I called my endocrinologists and figured out how to change my settings so I would run higher after that. I never went to bed below 150, and I always made sure to have extra juice and fruit snacks next to my bed. And I kept the little box of glucagon right next to my phone every night. I still get scared some nights that something like this will happen again. On the nights I am home alone, I make sure I have people in place to call me by a certain time if they don’t hear from me.

As companies work to improve the daily lives of people with diabetes, new innovations for glucagon have been helping put our fears of handling bad lows at ease. One anxiety for those administering the old glucagon, can be the needle. It is large, and for someone not accustomed to giving injections, it can be daunting. People may not have the same fear when administering another life-saving drug, like pens used for allergy attacks, but the person giving the shot never sees the needle and doesn’t have to manually place it in the skin. My mom told me that she couldn’t bring herself to give me the injection for fear of hurting me. Sam had the same concerns. Looking at a large needle knowing you have to place it in the correct spot in skin is normally a job left to healthcare professionals. In a high-stress moment, it is one of the most terrifying responsibilities.

Two new products have recently been released. One revolution is a ready-to use glucagon prefilled syringe and auto-injector. This new technology could take away the needle fear and the anxiety of having to mix the solution in an already-stressful situation. Mixing might seem like a simple step, but it is an added stressor in a high-pressure moment for individuals administering the shot. If the patient with the low is administering the shot, it may hard to mix the solution with shaky hands from the low. The premixed solution takes away some of that fear. It can be a way to avoid the severe low if you administer it early enough, and as someone who has given myself a shot of glucagon preemptively, it would be a huge help.

“This new technology could take away the needle fear and the anxiety of having to mix the solution in an already-stressful situation.”

Another new option is a nasal glucagon. This innovation is a simple three-step spray, no mixing required. With products such as these diminishing the fear during an often-terrifying event, glucagon becomes a more accessible product to use. Improved technologies continue to make glucagon an important tool to have around, but take away the “last resort” feeling and give confidence to caregivers administering it. These become added options to help diabetics and their loved ones combat severe lows – while also putting families and students at ease when moving away from home and living on their own for the first time.

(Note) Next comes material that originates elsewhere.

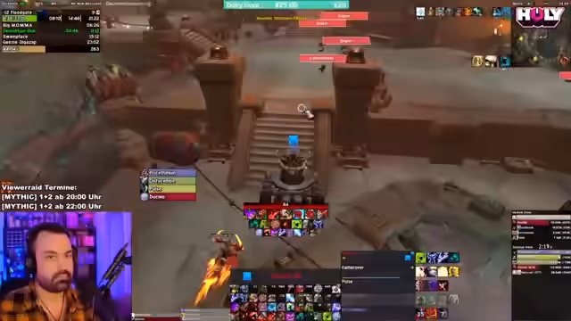 11:50:15Der Streamer beschreibt eine chaotische Dungeon-Situation. Seine zufällige Gruppe agiert völlig koordinationslos. Beispiele sind, dass Kritische Fähigkeiten von Gegnern nicht unterbrochen werden und Adds nicht gebündelt oder gebannt werden. Der Streamer versucht, die Lage mit seinen Tank-Fähigkeiten zu stabilisieren, muss jedoch feststellen, dass die unkoordinierte Vorgehensweise der Gruppe zu einer äußerst schwierigen und gefährlichen Situation führt, in der er ständig eingreifen muss.

I hope to one day be a part of these constantly improving innovations and technologies professionally so that no one will have to feel this constant fear any longer. In fact, after attending an advisory board where I talked about experiences just like this one, I learned about a whole new world of diabetes-related professions. I changed my major to statistics so I could utilize my skills to implement technological and medical innovations; I can put myself and others at ease little by little. Diabetes has a lot of low points, but I am determined to look at the good side and make changes for the better going forward.